Bioinformatics analysis reveals link between alternative complement cascade pathway and colorectal cancer liver metastasis

Abstract

Abstract Background Colorectal cancer (CRC) has a high incidence mortality rate and is characterized by liver metastasis, which is the main cause of CRC patient death. In this study, a transcriptome sequencing dataset (GSE81558) from the integrated Gene Expression Omnibus database was evaluated to gain new insights into the pathogenesis of CRC and potential therapeutic targets. Methods All raw data were processed using R and screened for differentially expressed genes (DEGs) using LIMMA software. In-depth Gene Ontology (GO) and Kyoto Encyclopedia of Genes and Genomes (KEGG) pathway analyses were conducted and visualized using R and Cytoscape software. Protein‒protein interactions (PPIs) associated with the DEGs were assessed using the Search Tool for the Retrieval of Interacting Genes/Proteins database. A mouse model of CRC liver metastasis of CRC was used to verify key associated signaling pathways. Results The GO biological processes (BPs) and KEGG pathway analyses revealed that DEGs between the normal colon and CRC samples were mainly involved in the cell cycle and the P53 signaling pathway, which regulate the cell cycle and alter tumor signaling pathways. The 10 hub genes identified by PPI were cell cycle-related. In CRC versus and CRC liver metastasis samples, the GO BPs were mainly associated with platelets and coagulation, and the KEGG pathways were mainly enriched in the complement and coagulation cascades and drug metabolism.
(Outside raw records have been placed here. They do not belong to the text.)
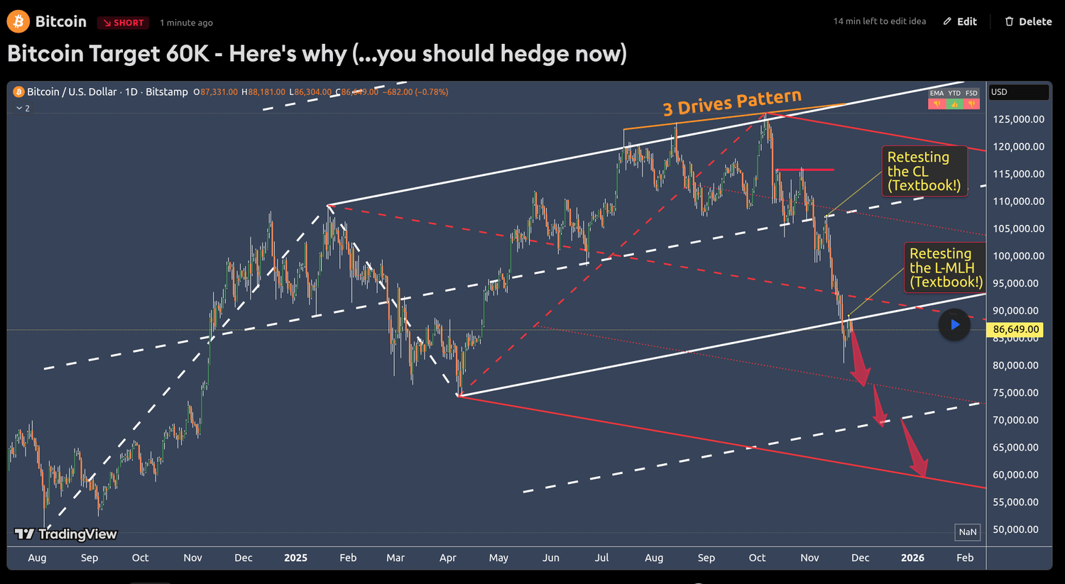 In the past days weโve seen a re-test at the white L-MLH. Bitcoin failed to trade its way back into the fork. That leaves further price losses as the likely outcome.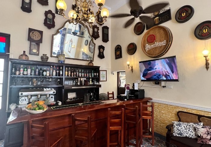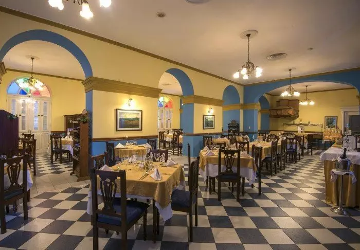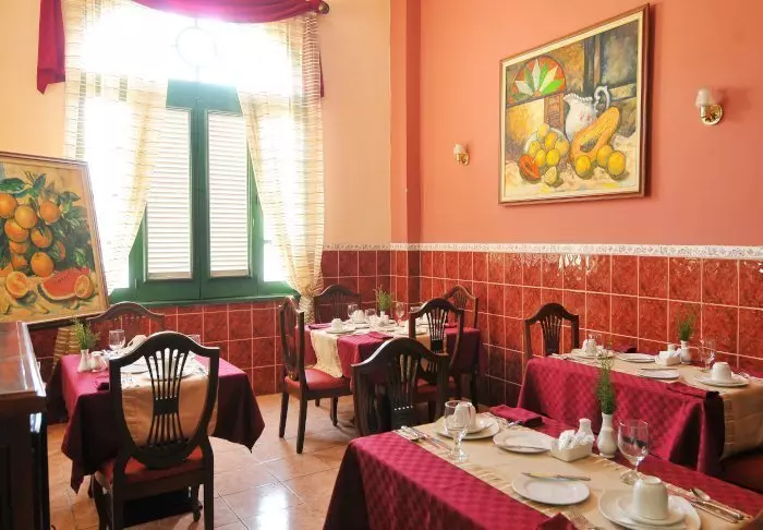 Der er hyggelige fællesområder, hvor du kan sidde og slappe af. Derudover er der en lille restaurant, der både serverer internationale og traditionelle cubanske retter. Det er også her den inkluderede morgenmad nydes.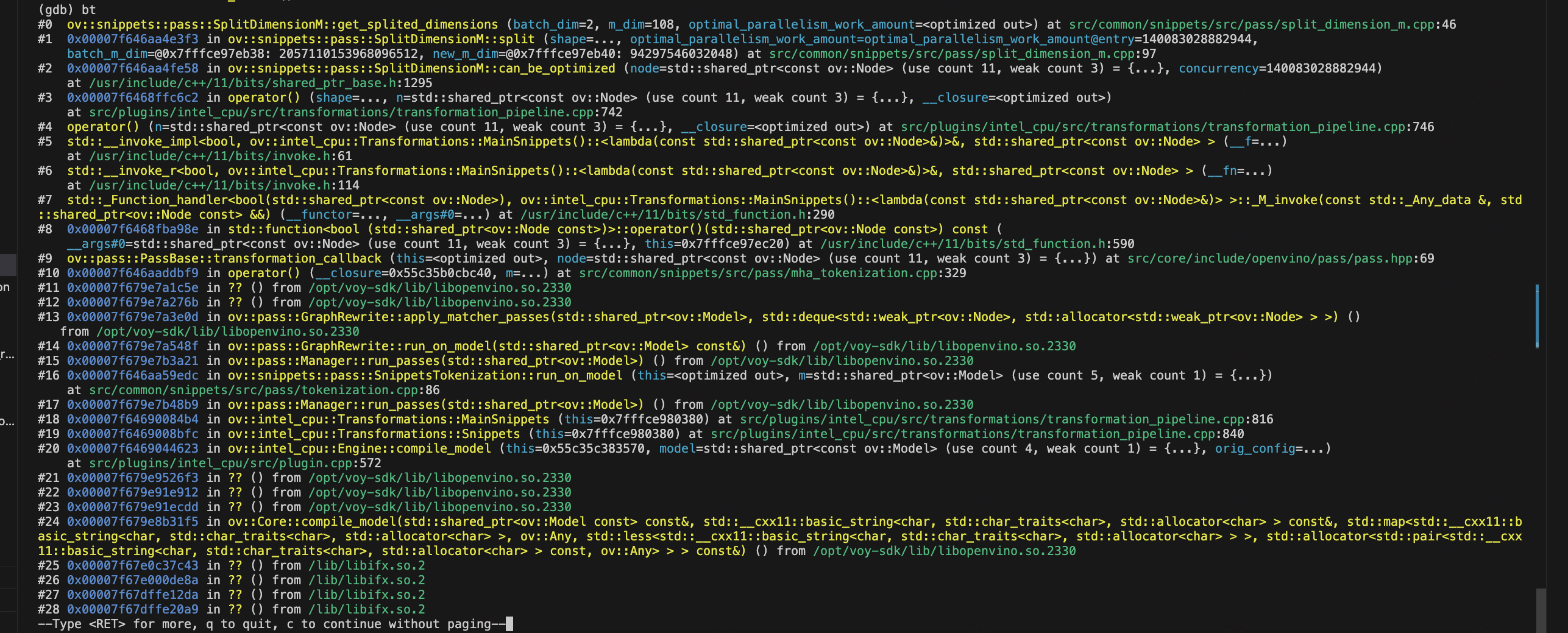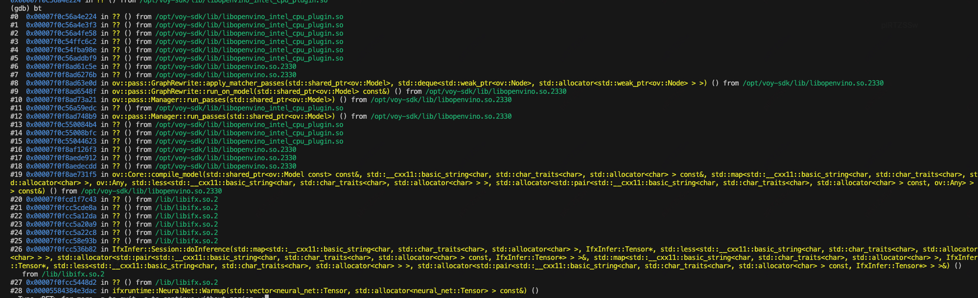 我们从ubuntu18升级到ubuntu22,发现有一个模型会卡住,在gtest、onenode planner、orion 等不同的环境都会复现,这是一个cpu模型,在做模型推理的时候卡住,用gdb attach到进程中可以看到是这个堆栈,但是这个是没有符号表的。所以看不到有啥问题。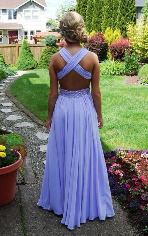 Italian spaghetti strap purple gorgeous A-line chiffon long backless ball dress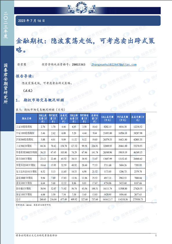【国泰君安期货】【20230716】金融期权:隐波震荡走低,可考虑卖出跨式策略-17页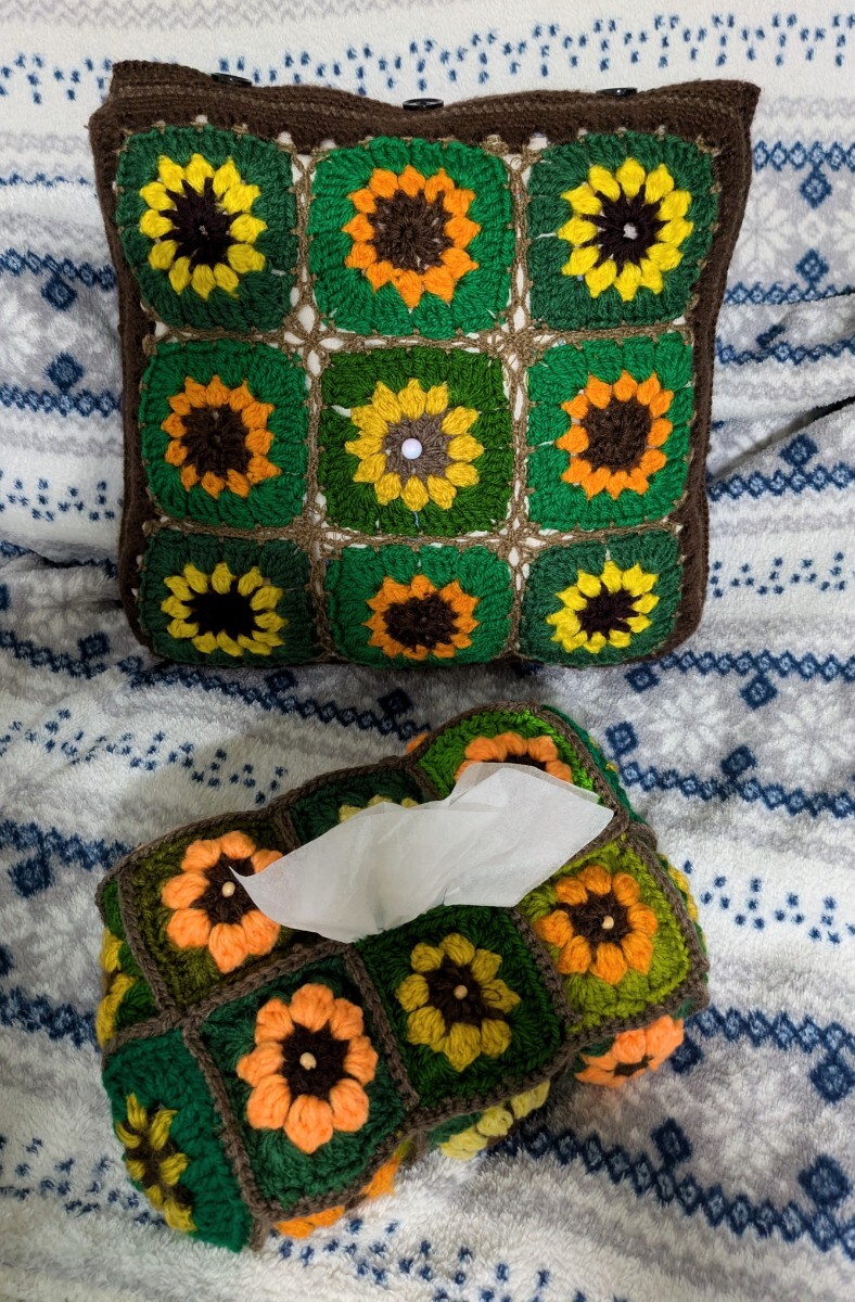 > グラニースクエア♪2品セット■クッション&ティッシュカバー■花モチーフ黄橙緑茶・ポップ■レトロ■グラニー編■クッション新品■手作り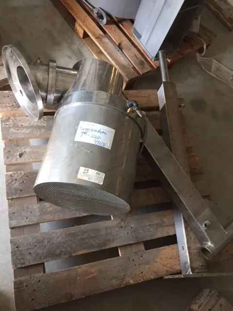 Tamis centrifuge modèle TR160/2 fabriqué par GLATT LABORTECNIC. Pièces en contact avec le produit en acier inoxydable. - Caractéristiques techniques : - Diamètre de la trémie d'alimentation : 300 mm - Diamètre de déchargement : 140 mm - Dimensions de transport : - Base : 1000x800 mm -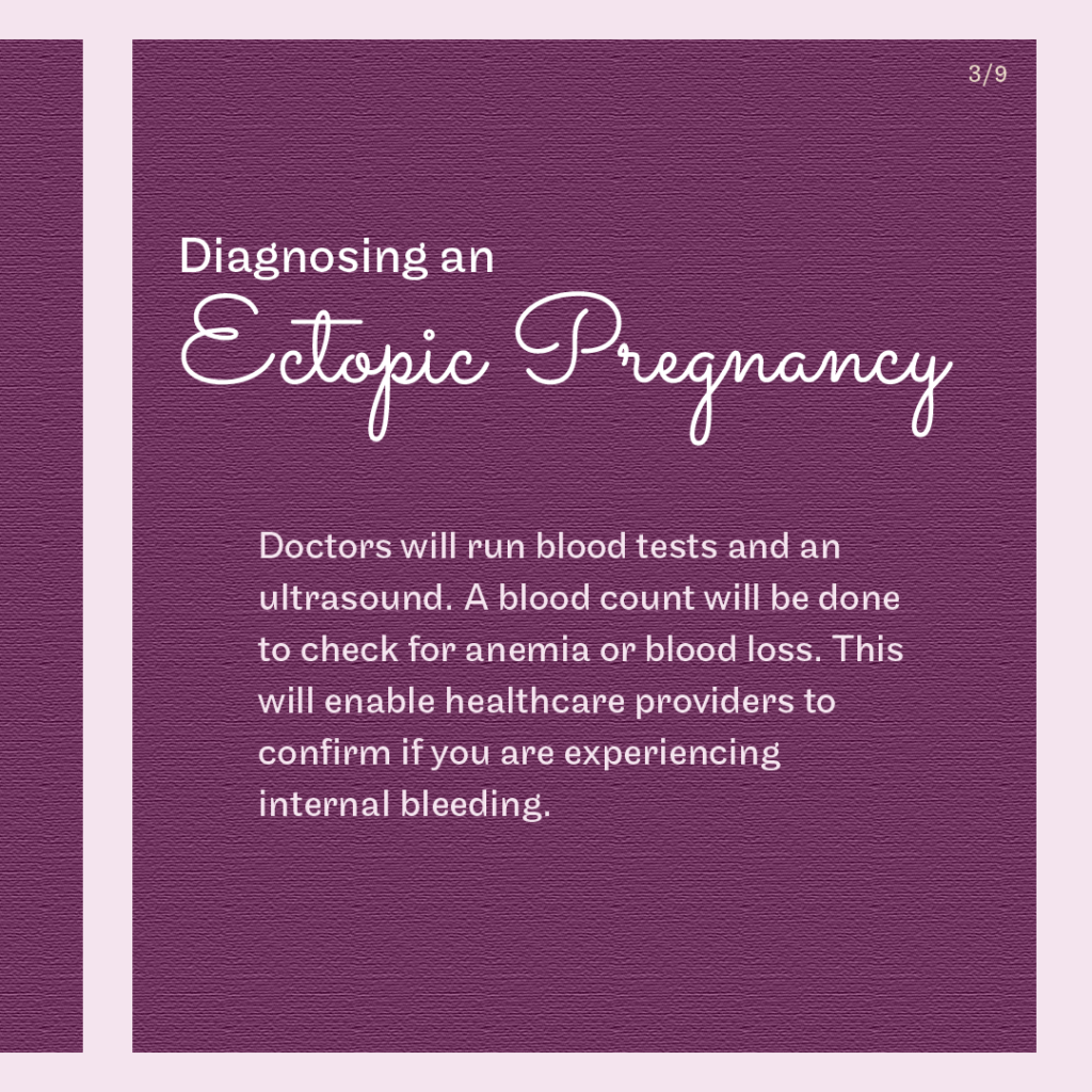 To officially diagnose an ectopic pregnancy, doctors will run blood tests and an ultrasound. A transvaginal ultrasound enables doctors to use sound waves to locate the fertilized egg (6). An abdominal ultrasound will enable doctors to confirm your pregnancy or to check for internal bleeding (6).

The PPI hub genes were blood protein-related, such as ALB, AHSG, and APOH, or plasma protease inhibitors, such as SERPINC1. To confirm bioinformatics analysis results, we used wild-type (WT), C4 (an important molecule in the classical and lectin complement cascade pathways), and complement factor B (fB, an important molecule in the alternative complement cascade pathway) knockout (KO) mice to construct a CRC liver metastasis model. Compared with WT mice, fB-KO mice demonstrated significantly reduced liver metastasis and inflammation, while there was no difference in C4-KO mice. Conclusion Bioinformatics analyses revealed that the complement cascade is related to CRC liver metastasis and that the cell cycle is related to CRC. The role of the alternative complement pathway in CRC liver metastasis was confirmed in mice, indicating that this pathway is a potential therapeutic target in CRC liver metastasis and providing a theoretical basis for further research.